Each line in the material below, starting at the one with "<B>1936 50C Norfolk" and ending at the one with "Server Docs. @원문보기", is to be reproduced exactly; no picture is to be copied.

◆ GIVEN ENTRIES
****************

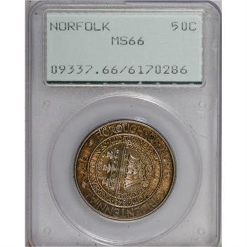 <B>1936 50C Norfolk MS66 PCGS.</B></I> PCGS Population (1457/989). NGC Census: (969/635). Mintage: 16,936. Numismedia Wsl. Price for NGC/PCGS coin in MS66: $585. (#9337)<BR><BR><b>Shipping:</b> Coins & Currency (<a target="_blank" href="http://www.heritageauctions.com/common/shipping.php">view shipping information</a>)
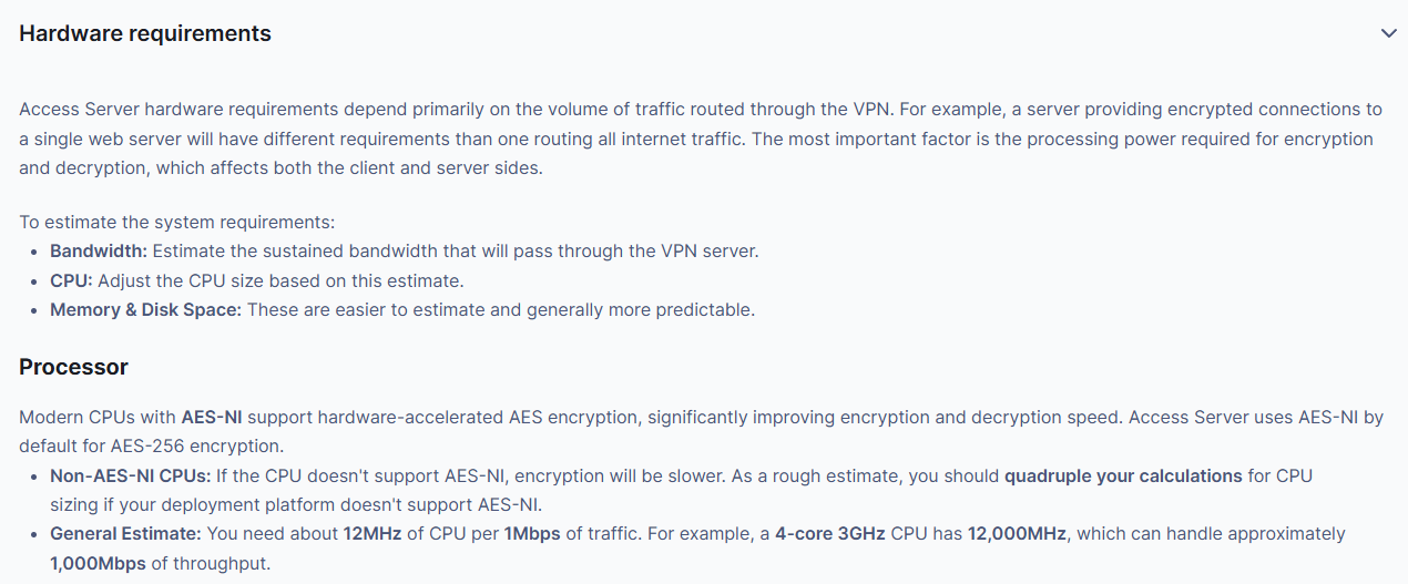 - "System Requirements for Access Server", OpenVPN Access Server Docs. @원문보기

****************

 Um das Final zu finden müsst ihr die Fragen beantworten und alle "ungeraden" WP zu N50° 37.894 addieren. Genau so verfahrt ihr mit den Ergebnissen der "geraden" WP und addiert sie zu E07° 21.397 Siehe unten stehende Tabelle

****************

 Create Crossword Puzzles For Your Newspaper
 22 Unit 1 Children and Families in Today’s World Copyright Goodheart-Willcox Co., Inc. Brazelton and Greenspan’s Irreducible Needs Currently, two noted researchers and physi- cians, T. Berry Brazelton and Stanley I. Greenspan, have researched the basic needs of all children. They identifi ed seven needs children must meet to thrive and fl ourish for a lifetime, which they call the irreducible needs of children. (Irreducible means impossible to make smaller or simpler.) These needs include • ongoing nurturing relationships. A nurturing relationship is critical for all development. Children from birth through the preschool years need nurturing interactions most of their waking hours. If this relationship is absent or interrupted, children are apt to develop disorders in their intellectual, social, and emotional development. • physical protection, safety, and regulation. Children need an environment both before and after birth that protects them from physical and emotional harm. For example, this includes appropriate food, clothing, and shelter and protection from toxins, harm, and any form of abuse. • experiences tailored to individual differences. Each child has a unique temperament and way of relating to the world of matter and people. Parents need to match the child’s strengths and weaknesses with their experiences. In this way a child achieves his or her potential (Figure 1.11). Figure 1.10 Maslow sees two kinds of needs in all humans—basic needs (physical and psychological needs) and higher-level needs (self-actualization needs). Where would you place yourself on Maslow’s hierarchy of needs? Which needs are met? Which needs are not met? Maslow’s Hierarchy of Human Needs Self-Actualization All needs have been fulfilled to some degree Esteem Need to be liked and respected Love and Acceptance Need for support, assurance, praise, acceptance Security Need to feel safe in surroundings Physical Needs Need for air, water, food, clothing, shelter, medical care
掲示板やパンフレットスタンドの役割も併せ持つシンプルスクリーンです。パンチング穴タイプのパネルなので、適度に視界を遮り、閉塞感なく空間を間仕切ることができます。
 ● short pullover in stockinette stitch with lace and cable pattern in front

****************

◆ TASK RESPONSE
 <B>1936 50C Norfolk MS66 PCGS.</B></I> PCGS Population (1457/989). NGC Census: (969/635). Mintage: 16,936. Numismedia Wsl. Price for NGC/PCGS coin in MS66: $585. (#9337)<BR><BR><b>Shipping:</b> Coins & Currency (<a target="_blank" href="http://www.heritageauctions.com/common/shipping.php">view shipping information</a>)
 - "System Requirements for Access Server", OpenVPN Access Server Docs. @원문보기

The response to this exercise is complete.